Data records
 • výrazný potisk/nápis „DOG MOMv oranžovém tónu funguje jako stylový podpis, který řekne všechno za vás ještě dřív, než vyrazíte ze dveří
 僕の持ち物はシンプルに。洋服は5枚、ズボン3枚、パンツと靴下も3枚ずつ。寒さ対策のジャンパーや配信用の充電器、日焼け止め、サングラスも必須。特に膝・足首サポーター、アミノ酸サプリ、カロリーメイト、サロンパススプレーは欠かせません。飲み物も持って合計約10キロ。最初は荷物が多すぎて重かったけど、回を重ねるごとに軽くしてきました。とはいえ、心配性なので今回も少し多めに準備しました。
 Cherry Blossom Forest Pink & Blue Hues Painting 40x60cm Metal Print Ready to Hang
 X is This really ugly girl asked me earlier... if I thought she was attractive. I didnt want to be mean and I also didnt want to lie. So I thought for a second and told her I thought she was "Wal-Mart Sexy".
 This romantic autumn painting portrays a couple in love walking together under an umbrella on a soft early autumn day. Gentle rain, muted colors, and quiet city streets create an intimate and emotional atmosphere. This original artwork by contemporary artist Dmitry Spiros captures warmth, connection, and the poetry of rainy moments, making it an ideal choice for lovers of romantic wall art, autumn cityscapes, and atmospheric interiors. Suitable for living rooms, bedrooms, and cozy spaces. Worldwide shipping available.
...
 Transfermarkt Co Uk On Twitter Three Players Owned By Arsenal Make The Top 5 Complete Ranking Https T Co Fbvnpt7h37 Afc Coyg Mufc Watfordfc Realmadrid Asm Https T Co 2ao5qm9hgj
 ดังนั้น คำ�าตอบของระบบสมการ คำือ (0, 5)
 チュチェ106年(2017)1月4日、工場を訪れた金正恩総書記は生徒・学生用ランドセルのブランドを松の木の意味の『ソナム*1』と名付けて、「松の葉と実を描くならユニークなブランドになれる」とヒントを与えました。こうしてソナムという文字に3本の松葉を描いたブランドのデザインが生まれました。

Your objective
What is asked for is an exact copy of the lines above from the one containing "僕の持ち物はシンプルに。洋服" through the one containing "X is This really", and only those.

Exercise result
 僕の持ち物はシンプルに。洋服は5枚、ズボン3枚、パンツと靴下も3枚ずつ。寒さ対策のジャンパーや配信用の充電器、日焼け止め、サングラスも必須。特に膝・足首サポーター、アミノ酸サプリ、カロリーメイト、サロンパススプレーは欠かせません。飲み物も持って合計約10キロ。最初は荷物が多すぎて重かったけど、回を重ねるごとに軽くしてきました。とはいえ、心配性なので今回も少し多めに準備しました。
 Cherry Blossom Forest Pink & Blue Hues Painting 40x60cm Metal Print Ready to Hang
 X is This really ugly girl asked me earlier... if I thought she was attractive. I didnt want to be mean and I also didnt want to lie. So I thought for a second and told her I thought she was "Wal-Mart Sexy".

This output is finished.